Why does driving make us so angry?

Ever had to deal with an irate motorist? Where I live, the question should probably be: “Ever come across a motorist who isn’t mouthing obscenities, flashing their lights, leaning on their horn and making hand gestures that defy explanation to your children sitting in the back?” Or maybe that says more about my driving than anything else. Be that as it may, it seems road rage is endemic. A staggering 81% of drivers have been victims of road rage, according to a recent survey by Carwow.co.uk.


It’s your shout…


Shouting would seem to be the most common expression of anger. But aggressive or dangerous driving and verbal abuse are also regular occurrences. And one in five drivers has been threatened in a road rage incident. But if road rage is so common, how come 51% of us claim we never give in to our aggression? Is it really the case that only 30% of us allow anger to get the better of us once or twice a month, as the survey suggests – or are we too ashamed to ’fess up and admit we do our fair share of yelling and gesticulating?


Authority figures


The authorities have tried to crack down on road rage by introducing £100 penalties for poor driving habits, such as tailgating and lane hogging. Quite whether this will have the desired effect remains to be seen. After all, if you’re prone to tantrums that make your veins stand out on your temples, are you really going to be able to modify your behaviour at will? The root of the problem is surely woven into how cars and driving affect our psychology. Most of us behave differently when we’re driving. We lose our inhibitions because we feel anonymous and immune. In other words, we make rude gestures at other motorists behind the wheel that we would never dream of making face to face.


Fighting the fury


So while it’s tempting to blame road rage on a specific group of problem drivers, we should all acknowledge our potential to lose our rags and think about how we can avoid confrontation, stress and accidents. Here’s a few suggestions:


allow plenty of time for your journey. If you are late, you are much more likely to be aggressive

don’t get behind the wheel if you are upset, angry or unwell (or hungover – a disastrous idea for all manner of reasons, not least the fact that you’re probably still over the limit)

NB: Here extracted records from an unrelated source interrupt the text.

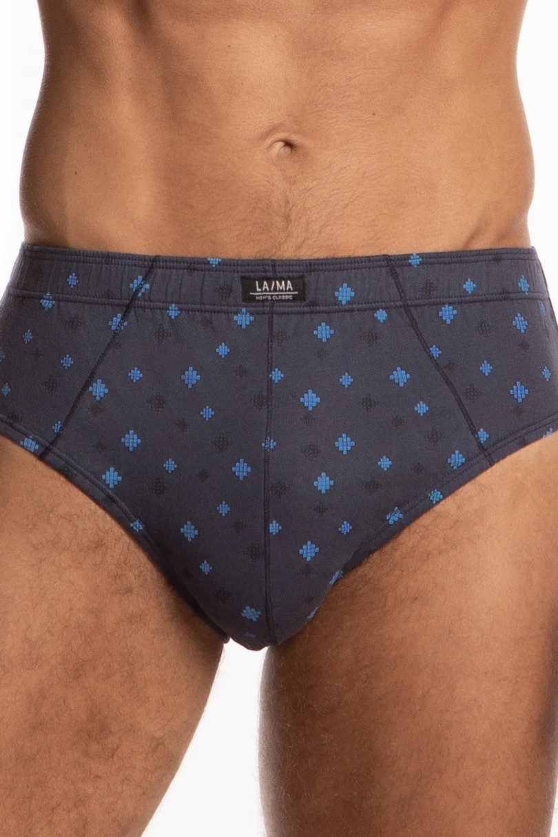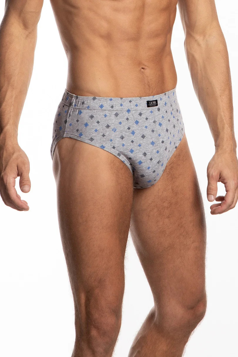 Klasické pánské slipy, postavené boky, v pase pohodlná guma lemovaná bavlnou, balené v krabičce po třech kusech v prezentovaných barvách s jemným potiskem.
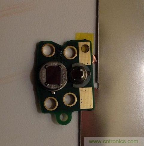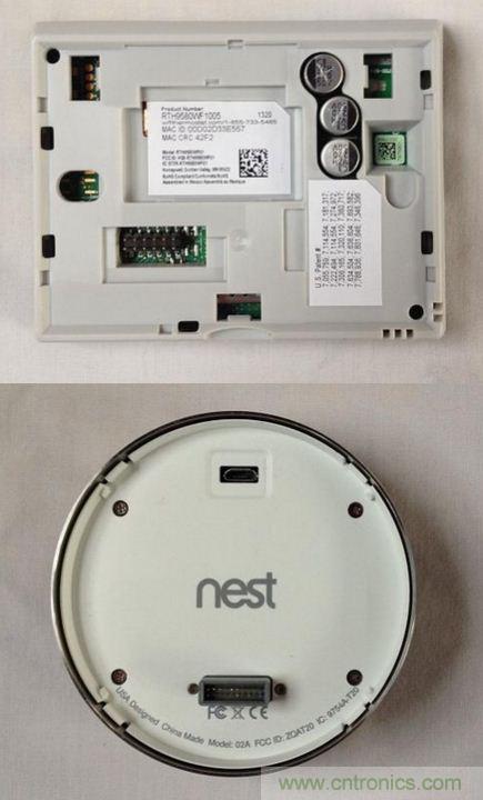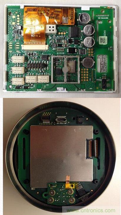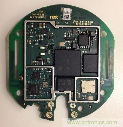 霍尼韋爾恒溫器的單個PCB上包括多個DC-DC轉(zhuǎn)換器、穩(wěn)壓器和整流器、一個8通道12位ADC、128MB SDRAM、32M閃存和博通(Broadcom)Wi-Fi模塊(屏蔽罩移除)。主處理器是愛特梅爾(Atmel)926 ARM處理器,外面包覆了金屬屏蔽罩,僅在扁平帶狀電纜至顯示器下方可見。Nest恒溫器的主要電子元器件全部被包覆在單個屏蔽罩下??拷撞康膬蓚€附加電路提供檢測功能。PCB與顯示器通過螺絲固定,金屬環(huán)被卡在兩者之間,但可以自由旋轉(zhuǎn)。
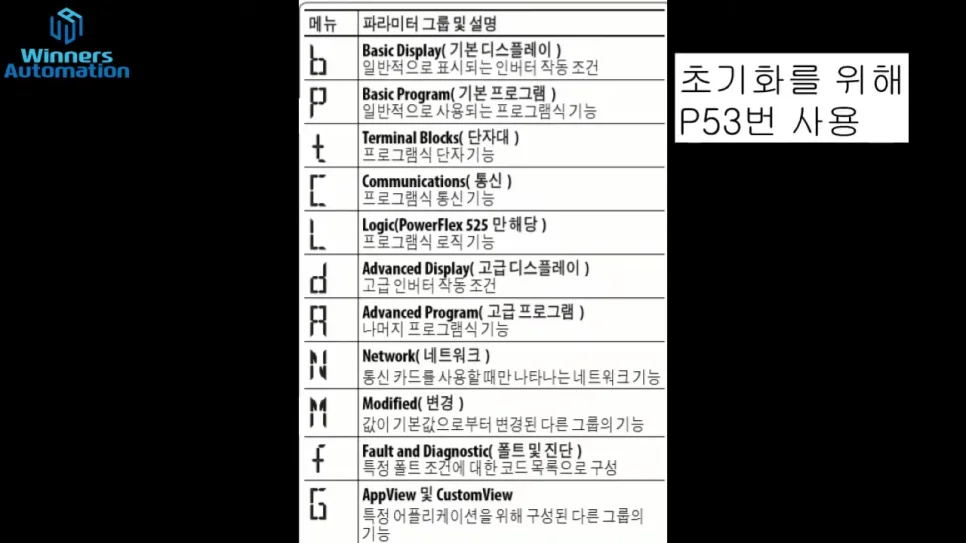 위 영상 링크를 클릭하시면 위너스오토메이션 PowerFlex 525 #3 AB 인버터 공장초기화 방법이

don’t allow yourself to be distracted by music, phones, maps or passengers

do your best not to antagonize other drivers. So, no lane hogging, inappropriate use of the horn, flashing your headlights, tailgating or cutting-up

wave an apology if you make a mistake as the acknowledgement can defuse a potentially explosive situation

don’t competing with other drivers. It’s a public highway, not a racetrack

if someone else is driving aggressively, don’t make eye contact, shout or gesticulate.

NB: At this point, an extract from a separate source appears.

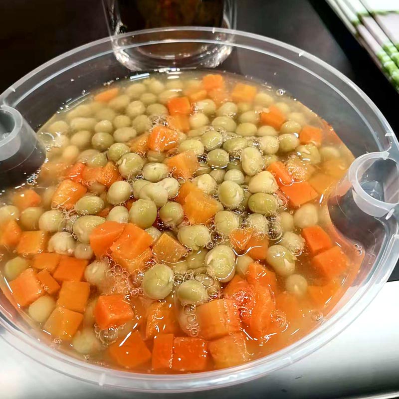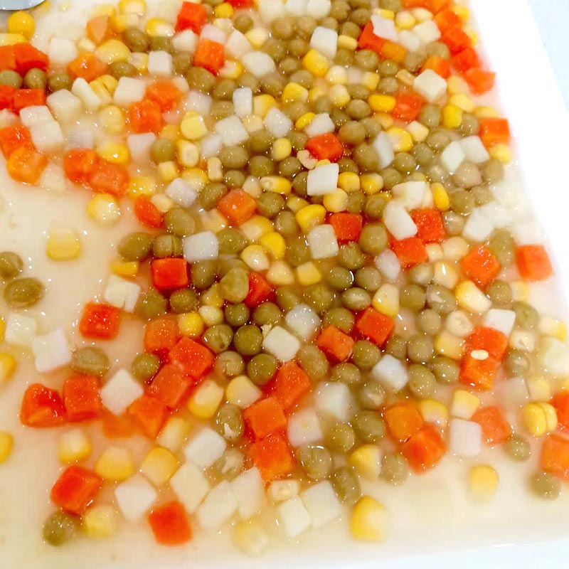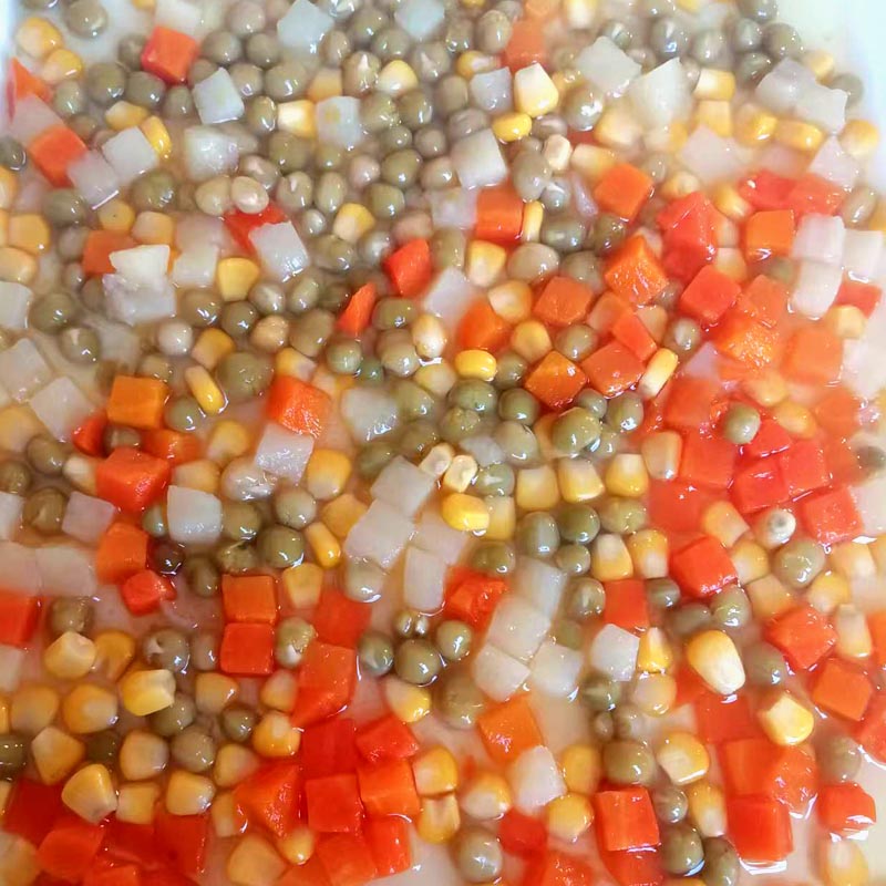 | Ingredientes | Guisantes verdes, zanahorias, granos de maíz dulce, patatas, judías verdes, etc. (Personalizable) |
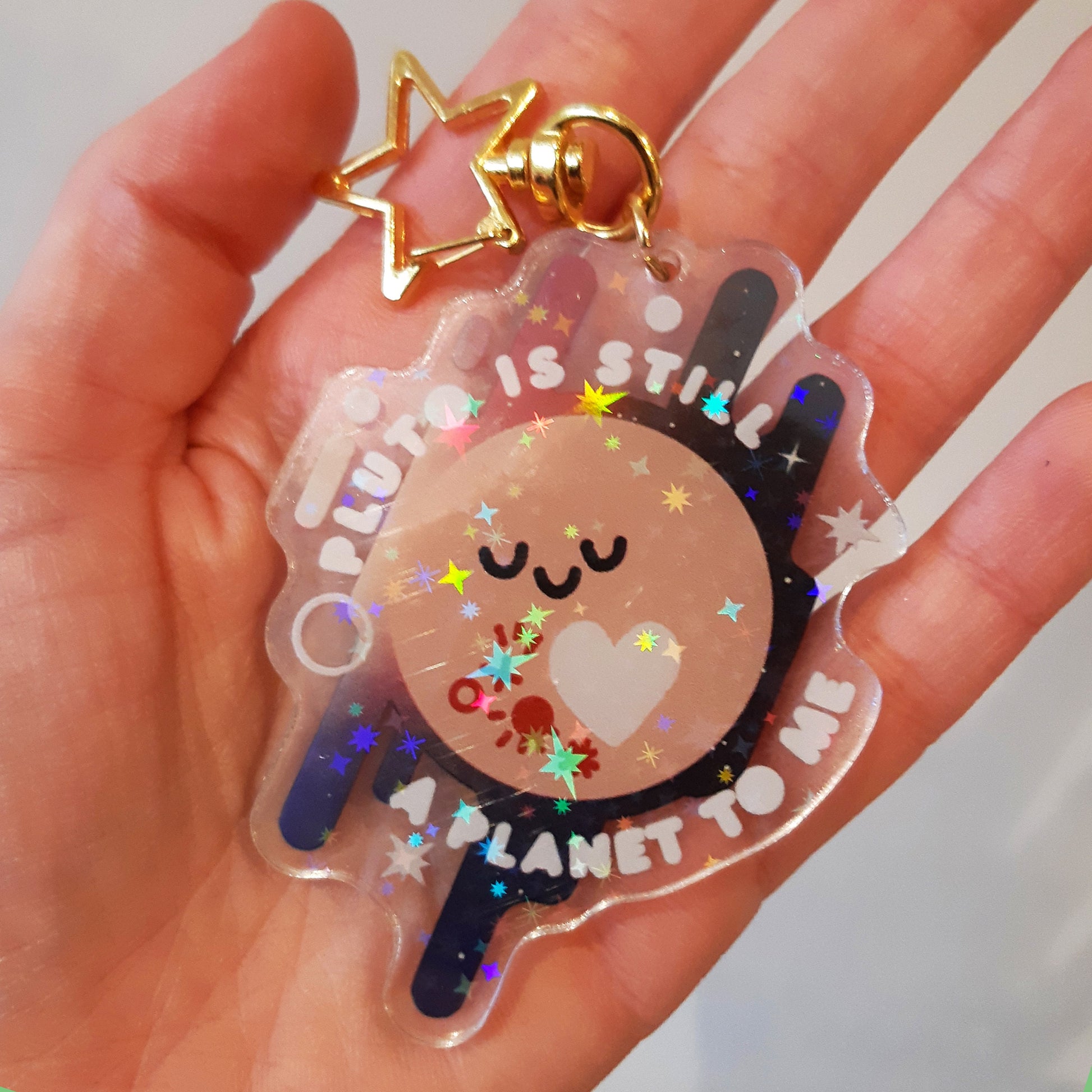 7 x 5.5 cm "Pluto is still a Planet to me" Acrylic Holographic Key Charm - Clear Plastic with Rainbow Holographic Stars featuring the planet Pluto.

What if you’re the victim?


It’s probably happened to all of us. You suddenly find yourself on the receiving end of a barrage of abuse and aggressive behaviour.


So what’s the best strategy?


Tailgaters can be particularly intimidating, but you should never compromise your own safety. So, don’t speed up or brake suddenly. Instead, try and find a safe way to let the tailgater pass. For example, you might drive twice round a roundabout. If a driver is persistently aggressive, you might want to head to a safe, public place and call the police. Never allow an angry driver to follow you home. And if the motorist gets out of the car to approach you, lock the doors and don’t open the window. It can also help to make a note of the registration number and a description of the driver and the car.


Temper your temper


It’s not always easy to stay calm on the roads, especially if you are stuck in heavy traffic or cut up by an inconsiderate motorist. But losing your temper isn’t going to help. In fact, it is more likely to make things worse.